Hsiao H C, Chiu H W, Lee S C, Kao T, Chang H Y, Kong C W
Department of Medicine, Veterans General Hospital-Taipei, School of Medicine, Taiwan, ROC.
Int J Cardiol. 1998 May 15;64(3):271-6. doi: 10.1016/s0167-5273(98)00078-3.
Heart rate variability (HRV) analysis is a useful method for assessment of the activities of autonomic nervous system. The RR intervals in ECG is measured for this purpose. However, RR intervals are not suitable for HRV analysis in atrioventricular block (AV) block patients with ventricular inhibited (VVI) pacemaker, as the intervals will be fixed by the ventricular pacemaker. Thus we used an esophageal lead to detect PP intervals for analysis of HRV. The aim of this study was to evaluate the short-term HRV by using an esophageal electrode to detect the atrial signal and PP intervals in AV block patients. Fifteen AV block patients before and after temporary VVI pacemaker and 15 subjects with normal AV conduction (control group) were enrolled in this study. The atrial signals from esophageal lead, ECG and intraatrial lead were recorded. The duration was 10 min. We compared correlation coefficient of PP intervals from different leads in AV block patients and the control group. We also compared the PP interval's variability parameters between the control group and AV block patients, before and after insertion of a temporary ventricular inhibited pacemaker. The esophageal PP intervals were excellently correlated with intraatrial AA intervals (r=0.98+/-0.01).
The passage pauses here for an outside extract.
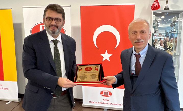 DİTİB Dini Yüksel İştişare Kurulu Başkan Vekili Dr. Muharrem Kuzey, caminin yapımı ve hayata geçirilmesinde emeği geçenler adına dernek başkanı Bahri Erdoğan’a plaket takdim etti.

The HRV using esophageal PP intervals with time domain demonstrated a significant decrease in patients with AV block (standard deviation of all PP intervals (SDNN) (s)=0.022+/-0.014; percentage difference between adjacent PP intervals that are greater than 50 ms (pNN-50) (%)=0.052+/-0.038; square root of the mean of squares of differences between duration of neighboring PP intervals (r-MSDD) (s)=0.322+/-0.082) but this returned to normal after insertion of a temporary ventricular inhibited pacemaker (SDNN (s)=0.035+/-0.009; pNN-50 (%)=2.540+/-1.682; r-MSDD (s)=0.542+/-0.190). However, the ratio of low frequency/high frequency (LF/HF) still increased (LF/HF=4.120+/-1.802). The result of this short-term HRV analysis suggested that withdrawal of vagal tone or increased sympathetic activity in AV block patients compared with the control group. This appearance was normalized after insertion of a temporary VVI pacemaker. however, abnormal sympathovagal balance still remained.
心率变异性(HRV)分析是评估自主神经系统活动的一种有用方法。为此目的,需测量心电图中的RR间期。然而,RR间期不适用于患有心室抑制型(VVI)起搏器的房室传导阻滞(AV)患者的HRV分析,因为这些间期将由心室起搏器固定。因此,我们使用食管导联检测PP间期以分析HRV。本研究的目的是通过使用食管电极检测AV阻滞患者的心房信号和PP间期来评估短期HRV。本研究纳入了15例临时VVI起搏器植入前后的AV阻滞患者和15例房室传导正常的受试者(对照组)。记录来自食管导联、心电图和心房内导联的心房信号。持续时间为10分钟。我们比较了AV阻滞患者和对照组中不同导联PP间期的相关系数。我们还比较了对照组与AV阻滞患者在植入临时心室抑制型起搏器前后的PP间期变异性参数。食管PP间期与心房内AA间期高度相关(r = 0.98±0.01)。使用食管PP间期进行时域分析的HRV显示,AV阻滞患者显著降低(所有PP间期的标准差(SDNN)(s)= 0.022±0.014;相邻PP间期大于50 ms的百分比差异(pNN - 50)(%)= 0.052±0.038;相邻PP间期持续时间差异平方的均值的平方根(r - MSDD)(s)= 0.322±0.082),但在植入临时心室抑制型起搏器后恢复正常(SDNN(s)= 0.035±0.009;pNN - 50(%)= 2.540±1.682;r - MSDD(s)= 0.542±0.190)。然而,低频/高频比值(LF/HF)仍升高(LF/HF = 4.120±1.802)。这项短期HRV分析的结果表明,与对照组相比,AV阻滞患者迷走神经张力降低或交感神经活动增加。植入临时VVI起搏器后这种表现恢复正常。然而,异常的交感 - 迷走平衡仍然存在。